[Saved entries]

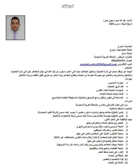 الاسم عبد الله مدير تشغيل الخبرات والمهارات خبرة واسعة في إدارة فرق العمل وتنظيم سير العمليات اليومية. قدرة عالية على رفع مستوى الخدمة وتحقيق رضا العملاء. إدارة المشتريات والمخزون ومراقبة الجودة. وضع الخطط التسويقية وتحقيق الأهداف التشغيلية خبرة 12 عاما في مجال المطاعم داخل المملكة مدير تشغيل مطاعم مونجو وشاورما ستور وعصير ذا جوسر تحت مسمى (شركة أطيب المحدودة 2 مدير تشغيل مجموعة مطاعم جارم مسا لا
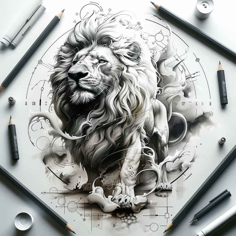 This lion portrait is rendered in black and grey with careful shading and crisp linework. The centerpiece is a regal lion seated with a full mane, its gaze steady, exuding courage, leadership, and protection. Surrounding the animal are drafting tools and a sketchbook page, establishing the design as a study and a tattoo concept rather than a finished piece; the image reads as a realistic study that could evolve into a full tattoo design. Technique emphasizes grayscale gradients, cross-hatching, stippling for texture, and controlled highlights to convey fur depth while preserving legibility on skin. The composition balances dense form with deliberate negative space, creating a bold focal point that translates well from small placements like the forearm or shoulder blade to larger panels on the back or chest. Symbolically, the lion anchors meanings of strength and guardianship, and the motif can be paired with lotus flower tattoos for balance, infinity motifs for permanence, or subtle tribal lines to broaden a sleeve concept. For a range of styles, the design adapts to fine line techniques or more traditional Japanese style influences, while maintaining the core black and grey realism that remains timeless in body art. If used as a cover-up, the dense shading provides robust masking potential, and adjustable line weight lets clinicians tailor opacity for skin tone and scarring. This AI-generated tattoo project concept demonstrates how pencil-inspired rendering can translate into ink-ready guidance, blending authenticity with digital creativity. In sum, the design promises meaningful tattoos, custom tattoo design, and the enduring appeal of black and grey realism in modern body art.
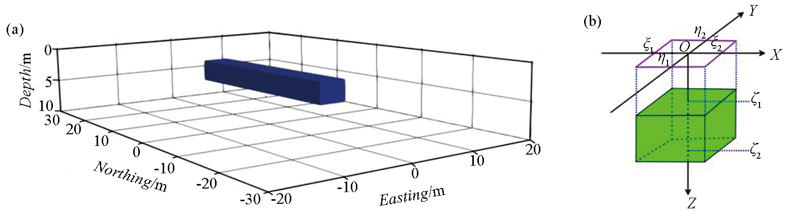| 图1 地下空洞模型三维立体图(a)和坐标位置(b) |
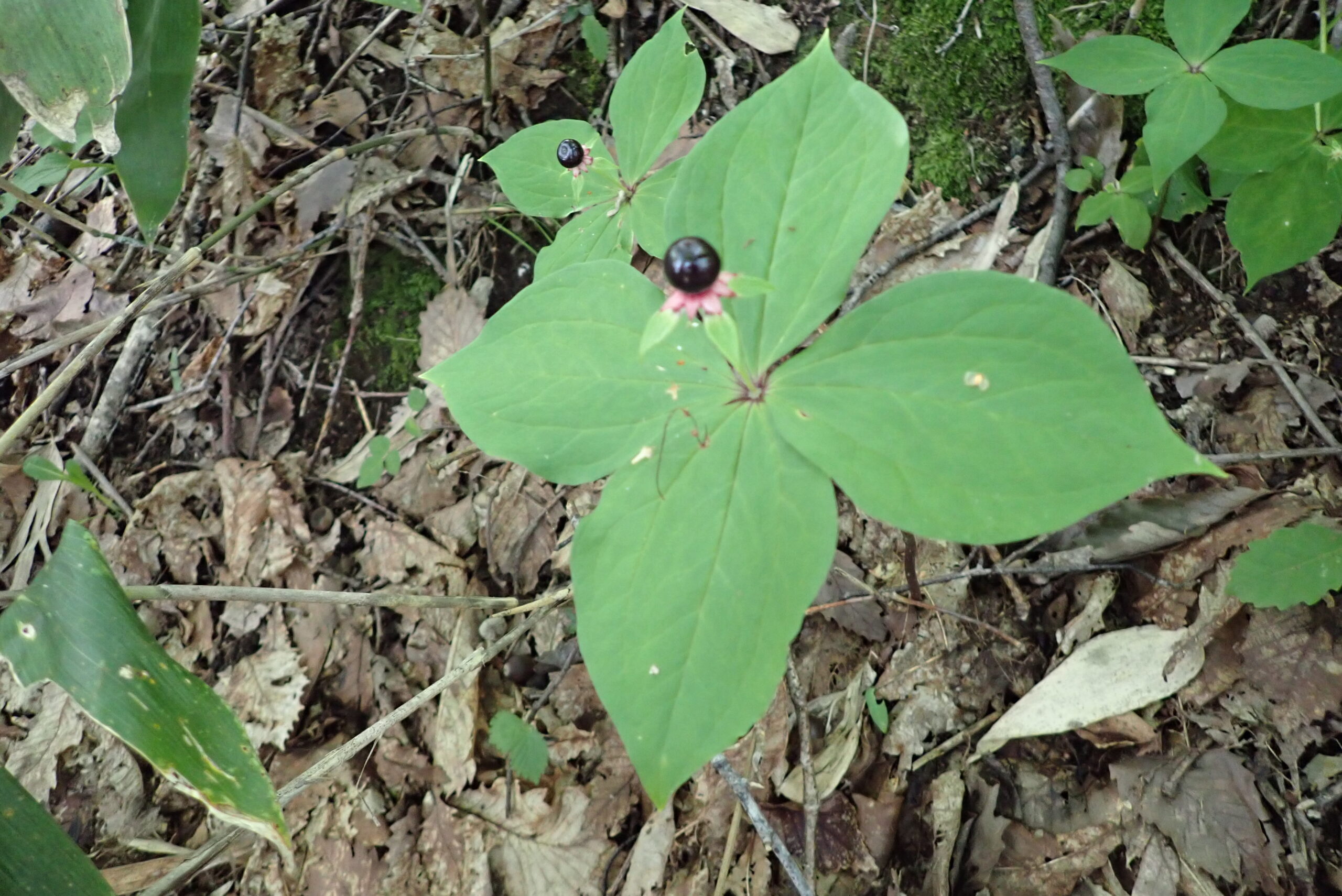 ツクバネソウのツヤツヤの黒い果実も実っています。
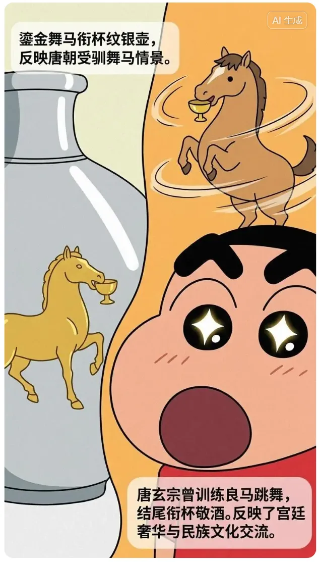 反映了唐朝受驯舞马的情景,壶上提梁、壶盖、骏马鎏金,与银色辉映。唐玄宗曾引进外来良马训练表演舞蹈,百匹同演。结尾舞马会衔起酒杯向玄宗敬酒。银壶反映了唐代宫廷的奢华生活,也是汉族和少数民族文化交流的见证。
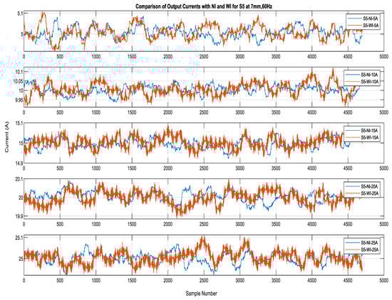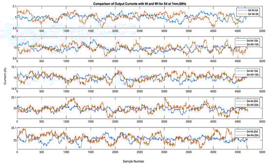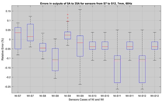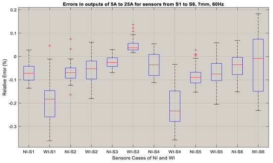 Figure 11 shows the output of sensor S3 for currents obtained in the No-Insulation compared to the With-Insulation case. The performance of sensors S5 and S4 for the c 5 A, 10 A, 15 A, 20 A, and 25 A currents is shown in Figure 12 and Figure 13. It can be seen that the output errors do not cross the limit of ± 0.1 A for five of the current values in both the No-Insulation and With-Insulation cases. However, more accurate values can be obtained for the No-Insulation case compared to the With-Insulation case. The relative percentage errors between the CT output and the sensor outputs were calculated for both the WI and NI cases for all of the sensors by considering the distance of 7 mm and input current frequency of 60 Hz. The results for all of the sensors are shown in Figure 14 and Figure 15 as box and whisker plots.
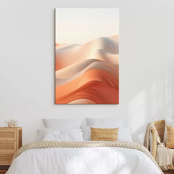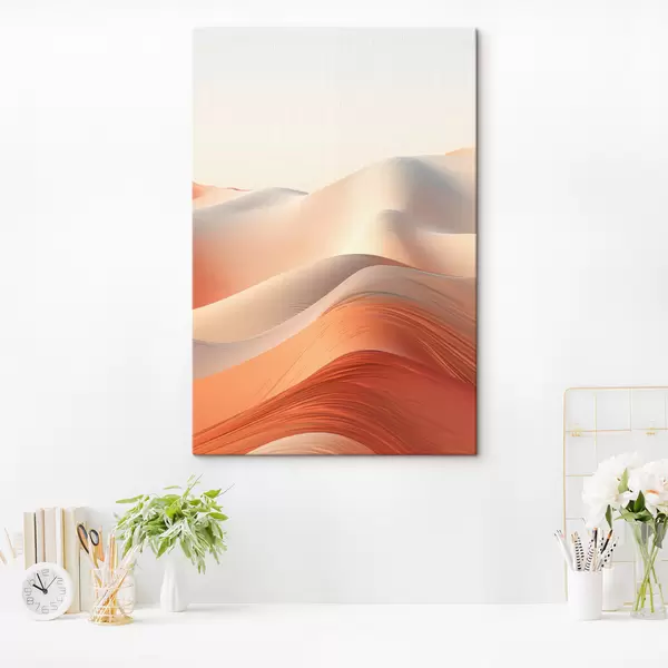 Tableau Paysage désertique abstrait avec des dunes de sable ondulantes dans des tons chauds orange et blanc s47031
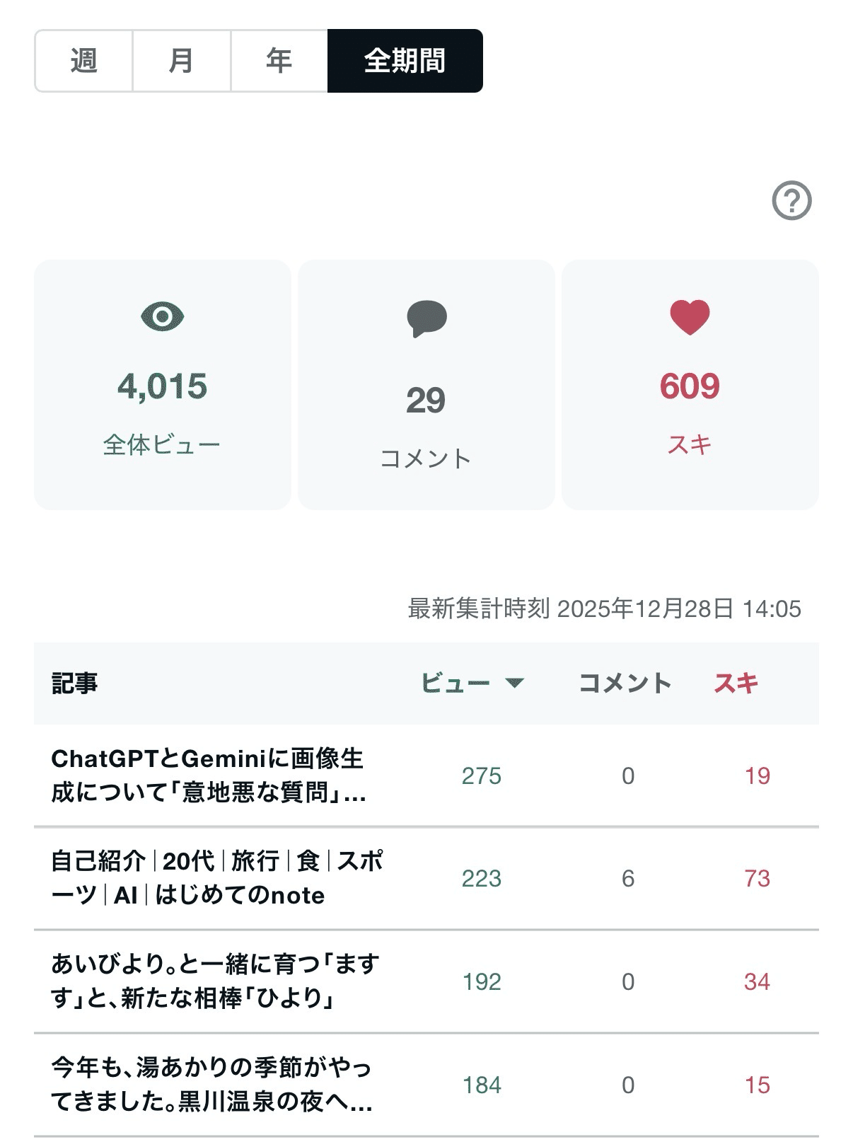 noteを始めて約3ヶ月。全期間のビューは、だいたい4,000くらいでした。続きをみる···
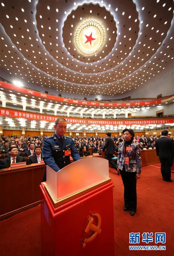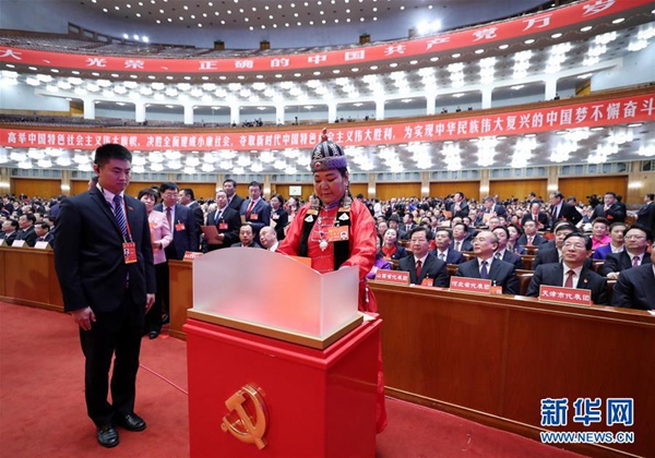 10月24日,中國共產(chǎn)黨第十九次全國代表大會閉幕會在北京人民大會堂舉行。這是代表投票選舉中央委員會委員、候補委員和中央紀(jì)律檢查委員會委員。新華社記者 馬占成 攝

> _Exercise details_: What the answer needs is every line from the one with "ツクバネソウのツヤツヤの黒い果実も実っています。" through the last line of the data, reproduced word for word and with pictures omitted.

> _Reply to the exercise_:
 ツクバネソウのツヤツヤの黒い果実も実っています。
 反映了唐朝受驯舞马的情景,壶上提梁、壶盖、骏马鎏金,与银色辉映。唐玄宗曾引进外来良马训练表演舞蹈,百匹同演。结尾舞马会衔起酒杯向玄宗敬酒。银壶反映了唐代宫廷的奢华生活,也是汉族和少数民族文化交流的见证。
 Figure 11 shows the output of sensor S3 for currents obtained in the No-Insulation compared to the With-Insulation case. The performance of sensors S5 and S4 for the c 5 A, 10 A, 15 A, 20 A, and 25 A currents is shown in Figure 12 and Figure 13. It can be seen that the output errors do not cross the limit of ± 0.1 A for five of the current values in both the No-Insulation and With-Insulation cases. However, more accurate values can be obtained for the No-Insulation case compared to the With-Insulation case. The relative percentage errors between the CT output and the sensor outputs were calculated for both the WI and NI cases for all of the sensors by considering the distance of 7 mm and input current frequency of 60 Hz. The results for all of the sensors are shown in Figure 14 and Figure 15 as box and whisker plots.
 Tableau Paysage désertique abstrait avec des dunes de sable ondulantes dans des tons chauds orange et blanc s47031
 noteを始めて約3ヶ月。全期間のビューは、だいたい4,000くらいでした。続きをみる···
 10月24日,中國共產(chǎn)黨第十九次全國代表大會閉幕會在北京人民大會堂舉行。這是代表投票選舉中央委員會委員、候補委員和中央紀(jì)律檢查委員會委員。新華社記者 馬占成 攝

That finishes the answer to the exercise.